The educator who succeeds is not the one with the loudest voice, but the one who is the most skilled "navigator"—constantly reading the room, adjusting the sails, and helping students find their own way through the fog of new information.

The core concept of the title—"Self-Navigating"—is the turning point of this deep story. It suggests a shift from "Teacher-Centric" control to "Student-Centric" agency.

She posits that the teacher is often speaking from a script, while the students are improvising. When the two don't align, the "narrative disruption" occurs—disengagement, confusion, or conflict.

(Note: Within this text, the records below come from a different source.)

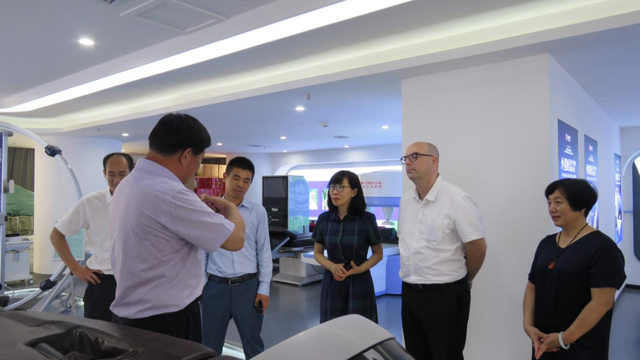 2019年8月8日,欧盟生命科技联盟MAGIA、清华大学互联网产业研究院、郑州飞龙医疗设备有限公司三方代表,就深化国际交流合作展开座谈,分享观点、凝聚共识、共同探讨健康产业发展。欧盟生命科技联盟中国联络代表Dennis Wilkens、清华大学互联网产业研究院郑州中心负责人张海升、郑州医疗器械行业协会会长牛留栓、协会秘书长侯利娜、郑州飞龙医疗设备有限公司董事长张新民出席本次座谈会。
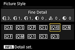 A new menu option, [Fine Detail], is added for the first time to the preset Picture Style effects. This option reduces the [Fineness] and [Threshold] of sharpness, and excels at faithful and delicate expression of the actual object with a relatively subtle [Contrast] setting (compared to the [Standard] contrast).
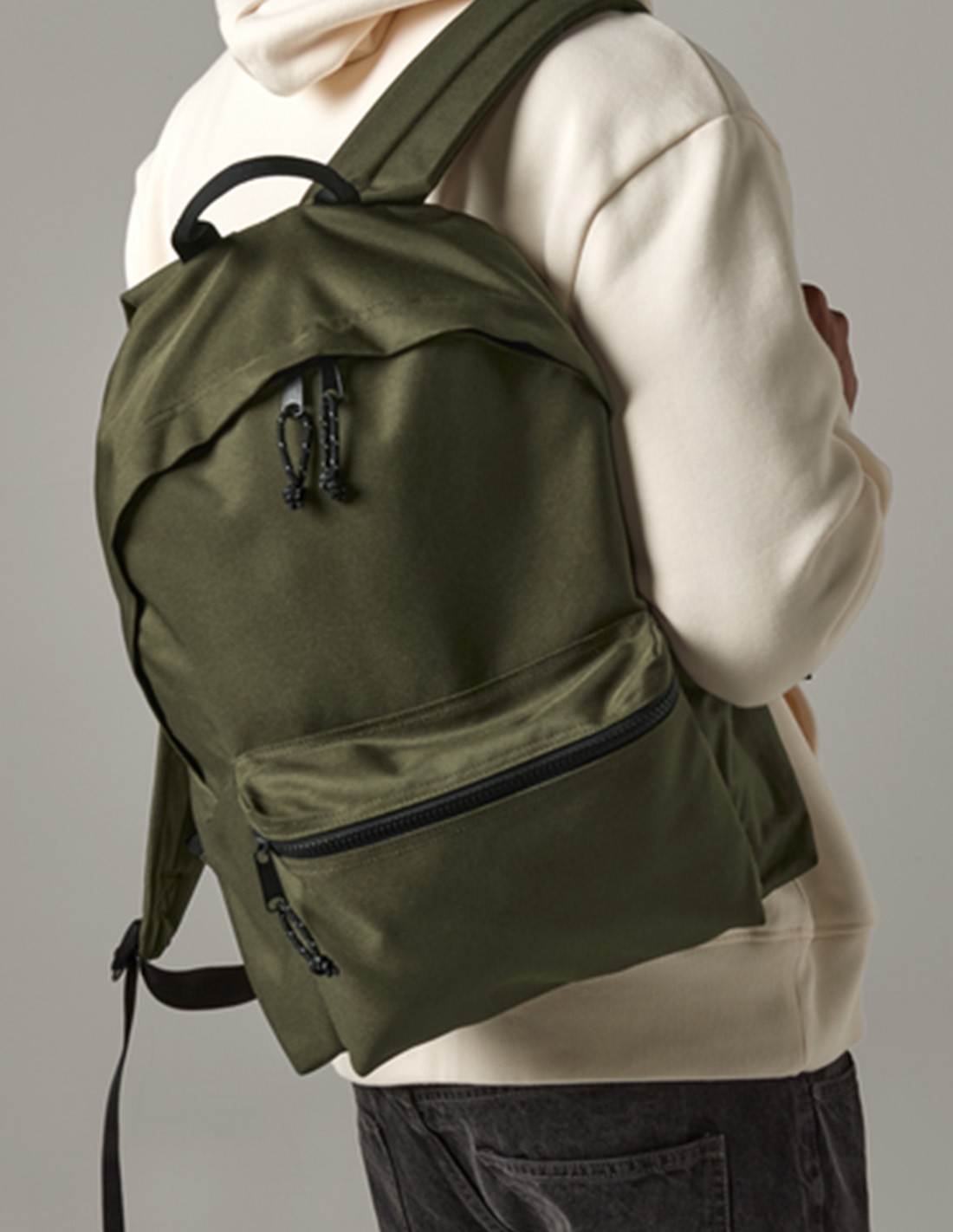 - Zippered front pocket
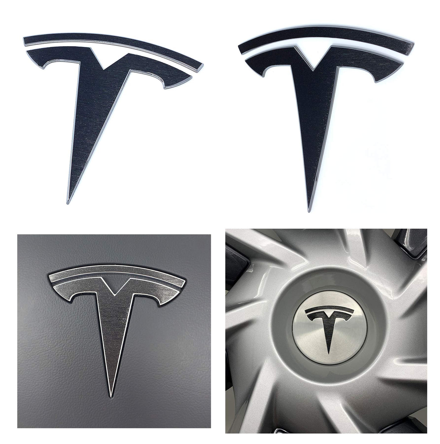 Logo Decal Wrap For Tesla Model Y, 11-Pc Set (Brushed Black)

Oneal-Self emphasizes that how a teacher says something often outweighs what they say. Traditional “initiation-response-evaluation” (IRE) patterns—where a teacher asks a known-answer question, a student responds, and the teacher evaluates—can limit student thinking. In contrast, effective educators use dialogue to scaffold understanding. For example, replacing “That’s wrong” with “Tell me how you arrived at that answer” shifts from judgment to inquiry. Similarly, using probing questions (“What evidence supports that?”) and revoicing (“So you’re saying that…”) validates student contributions while deepening collective reasoning. Oneal-Self’s readings likely highlight that deliberate teacher talk turns classrooms into communities of thinkers, not just answer-receivers.